Re: pro- foreign key propaganda?

From: David Cressey <cressey73_at_verizon.net>
Date: Sat, 24 May 2008 14:32:18 GMT
Message-ID: <SFVZj.84$RG.78_at_trndny07>


"Brian Selzer" <brian_at_selzer-software.com> wrote in message news:o0VZj.393$Ri.189_at_flpi146.ffdc.sbc.com...
>
> "goanna" <spamtrap_at_crayne.org> wrote in message
> news:4837b692$1_at_news.unimelb.edu.au...
> > In <4837296d$0$4034$9a566e8b_at_news.aliant.net> Bob Badour
> > <bbadour_at_pei.sympatico.ca> writes:
> >
> >>>>>>I think it only seems that way before one knows what metrics to use.
> >>>>>>Once one understands what to measure, everything becomes much more
> >>>>>>mechanical.
> >>>>>
> >>>>>Well, how do you tell a good metric from a bad one?
> >>>>
> >>>>A good metric, like ROA, reflects the goal.
> >>>
> >>> And how do you tell a good goal from a bad goal?
> >
> >>In the private sector, that's easy.

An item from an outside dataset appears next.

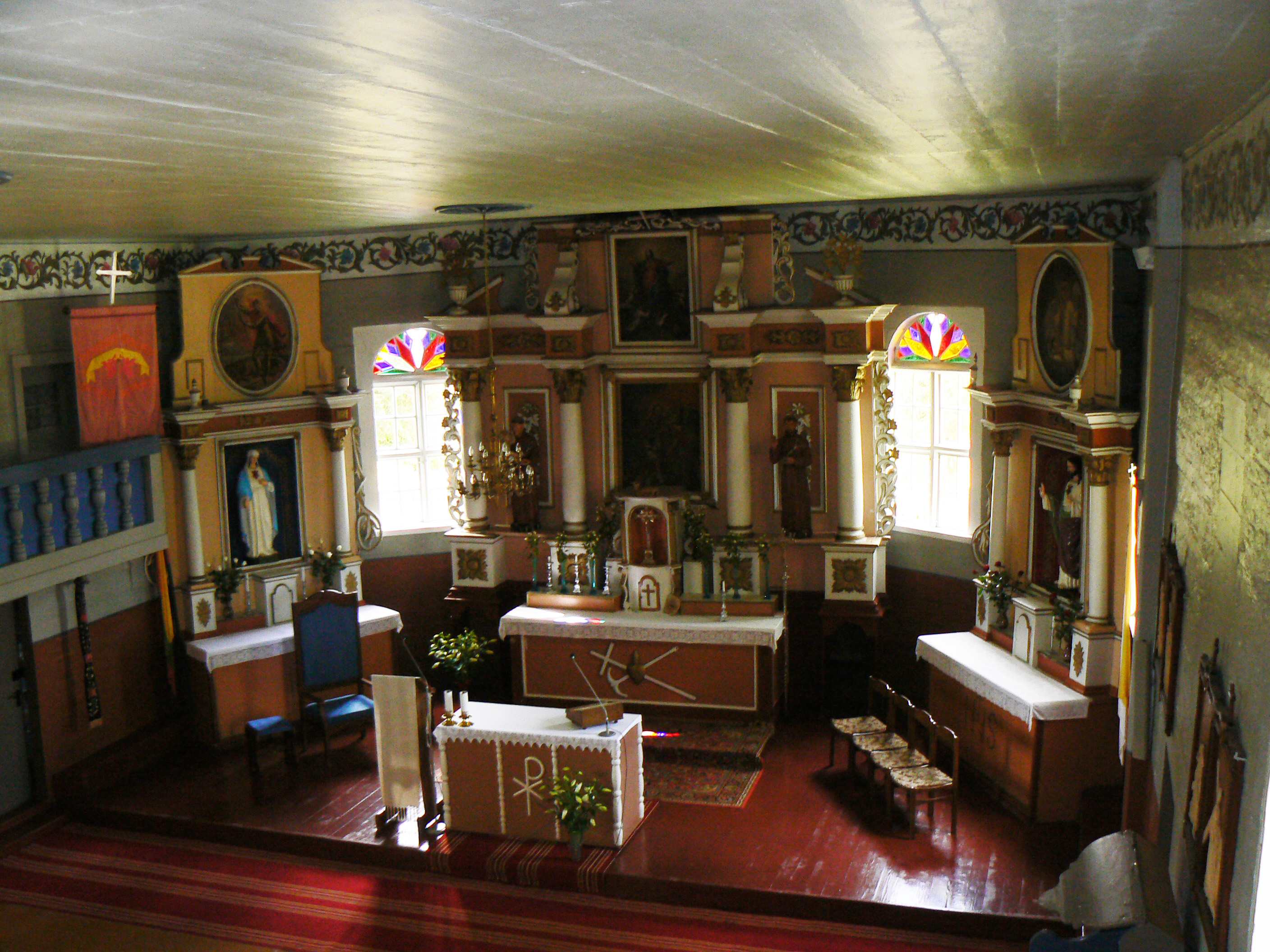 Saint Rokas church in Varsėdžiai - interier

A good goal is one that maximizes
> >>shareholder value.
> >
> > And here we have in a nutshell the now almost universally accepted core
> > of free market capitalism, US style: the one dimensional optimisation
> > of profit for the investor (which of course is just code for optimising
> > the profits of the parasite classes who steal from the real investors).
> >
> > No multidimensional tradeoff needed, no consideration of the personal,
> > family, community, social, national, or environmental impact of ones
> > business practices required. Need third world wage slaves? No problem.
> > Leaving behind a toxic legacy for future generations? Fine, just make
> > sure to effectively insulate the corporation from direct responsibility
> > for the problem. Selling a product that harms people or panders to
> > their lowest instincts? Just ensure plausible deniability of knowledge
> > of the ill effects, and enlist the spin doctors to create a shiny
> > corporate image that can hide the moral squalor within. Breaking the
> > law? Just make sure the cost of being caught is less than the profit.
> > Need to corrupt and sexualise little children to grow market share?
> > Go right ahead, the government won't stand in your way, or if they try
> > just buy enough of them off to forestall any intervention.
> >
>
> Well, thanks to liberals, the First Amendment, which was originally
intended
> to protect political speech, has been perverted--I'm sorry,
interpreted--so
> that it prevents the government from standing in the way. You made your
own
> bed, now sleep in it.
>
> > The worship of profit at any cost now so completely dominates modern
> > US thinking that it is seen as a given, a natural state of affairs,
> > to be accepted quite uncritically, perhaps even unconsciously. Even
> > US churches now encourage personal aspiration to be selfishly rich,
> > to have more, to consume endlessly without regard to the real cost.
> > Europe and the rest of the western world is not far behind, as toxic
> > US "greed is good/god" culture sweeps all before it.
> >
>
> That's because it /is/ a natural state of affairs. Why else would there
> have been written millenia ago, "Thou shalt not covet...."
>
> Of course, thanks to the ACLU, that word is reaching fewer and fewer
people.
>
> > Capitalism may have soundly defeated communism, but that doesn't make
> > it the best possible system that could exist. It is quite literally
> > destroying the planet on which we live. As the billions in China
> > and India climb aboard the bandwagon, we accelerate towards a crisis
> > of suffering and conflict from which some more enlightened system may
> > eventually emerge. But how can we expect enlightened thinking from
> > a world population that is either mindlessly supportive of the modern
> > interpreters of ancient superstitions, or has been taught from near
> > birth that it's good to behave as selfishly and greedily as possible?
> >
>
> The problem is that they haven't been taught not to covet. Again, you've
> made your own bed, now sleep in it.
>
> > We cannot return to the ancient gods, nor continue to prosper under
> > the new gods of unlimited corporate greed and rampant consumerism.
> > Democracy is an experiment that, like communism, has clearly proved
> > incapable of keeping the scum of society from taking control and
> > steering us down a road to nowhere. How many voters set aside their
> > personal interests and vote in the interests of the greater good?
> > The fierce pace and awesome complexity of the modern world renders us
> > too stupid, prejudiced, narrow, distracted, spineless or unthinking
> > to be able to identify where our collective interest really lies.
> >
>
> Here's the flaw in your thinking: there is no greater good--except God.
> Marginalize God (if that is even possible), and the world starts to
> degenerate into chaos.

Agreed. And it's an important point. However, it can be called mysticism.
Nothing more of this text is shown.